Δfe = fgr_electron_generation(egrid,DOS,ftotspl,hv)
Δfh = fgr_hole_generation(egrid,DOS,ftotspl,hv)

pc_sf = get_noparticles(Δfe,DOS,egrid) / get_noparticles(Δfh,DOS,egrid)
Δfshape = (Δfe.*pc_sf).-Δfh
inten = get_internalenergy_grid(Δfshape,DOS,egrid)

return laser*Δfshape./inten
end

function fgr_hole_generation(egrid,DOS::Spline1D,ftotspl,hv)
return DOS(egrid.+hv).*ftotspl(egrid).*(1 .-ftotspl(egrid.+hv))
end
@register_array_symbolic fgr_hole_generation(egrid::AbstractVector,DOS::Spline1D,ftotspl::Spline1D,hv::Num) begin
size = (length(egrid),)
eltype = eltype(egrid)
end
function fgr_electron_generation(egrid,DOS::Spline1D,ftotspl,hv)
return DOS(egrid.-hv).*ftotspl(egrid.-hv).*(1 .-ftotspl(egrid))
end
@register_array_symbolic fgr_electron_generation(egrid::AbstractVector,DOS::Spline1D,ftotspl::Spline1D,hv::Num) begin
size = (length(egrid),)
eltype = eltype(egrid)
end

FermiDirac(egrid,μ::Real,Tel::Real,kB::Real) = 1 ./(exp.((egrid.-μ)./(kB*Tel)).+1)

function get_internalenergy_grid(Dis,DOS,egrid)
integrand = Dis.*DOS(egrid).*egrid
prob = SampledIntegralProblem(integrand,egrid)
return solve(prob,SimpsonsRule()).u
end
@register_symbolic get_internalenergy_grid(Dis::AbstractVector,DOS::Spline1D,egrid::AbstractVector)

function get_noparticles(Dis,DOS::Spline1D,egrid)
integrand = Dis.*DOS(egrid)
prob = SampledIntegralProblem(integrand,egrid)
return solve(prob,SimpsonsRule()).u
end
@register_symbolic get_noparticles(Dis::AbstractVector,DOS::Spline1D,egrid::AbstractVector)

get_interpolate(xvals::AbstractVector,yvals::AbstractVector) = Spline1D(xvals,yvals,bc="nearest")
@register_symbolic get_interpolate(xvals::AbstractVector,yvals::AbstractVector)::Spline1D

function laser()
@parameters ϵ FWHM ϕ R
return (0.9394372786996513(1 - R)*exp((-2.772588722239781(t^2)) / (FWHM^2))*ϕ) / (FWHM*ϵ)
end
function generate_DOS()
return get_interpolate(collect(1:100),randn(100).*59)
end

function main()
egl = 605
DOS = generate_DOS()
las = laser()
@named test = athem_factory(DOS,las,egl)
structural_simplify(test)
end

main()
``````

I think I have somewhat traced the problem to a duplication of unknowns.

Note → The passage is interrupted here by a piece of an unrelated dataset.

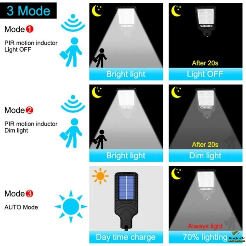 Mode 1: human body detection mode (the light power 100% brightness when aperson walks by, and it is off after 20 seconds)Mode 2: human body induction + low light mode (the light power 100%brightness when people pass, and power 30% dim brightness after 20seconds)Mode 3: Light up with 50% low brightness always.

When I get a method that manages to compose. The structural_simplify then fails and this seems to be because the unknown dfneq.neq appears both as a list of individual elements aka. dfneq.neq(t)[1], dfneq.neq(t)[2] etc. and as an individual dfneq.neq(t) also in the list. I am not sure what is generating this second version of the vector in the variables map.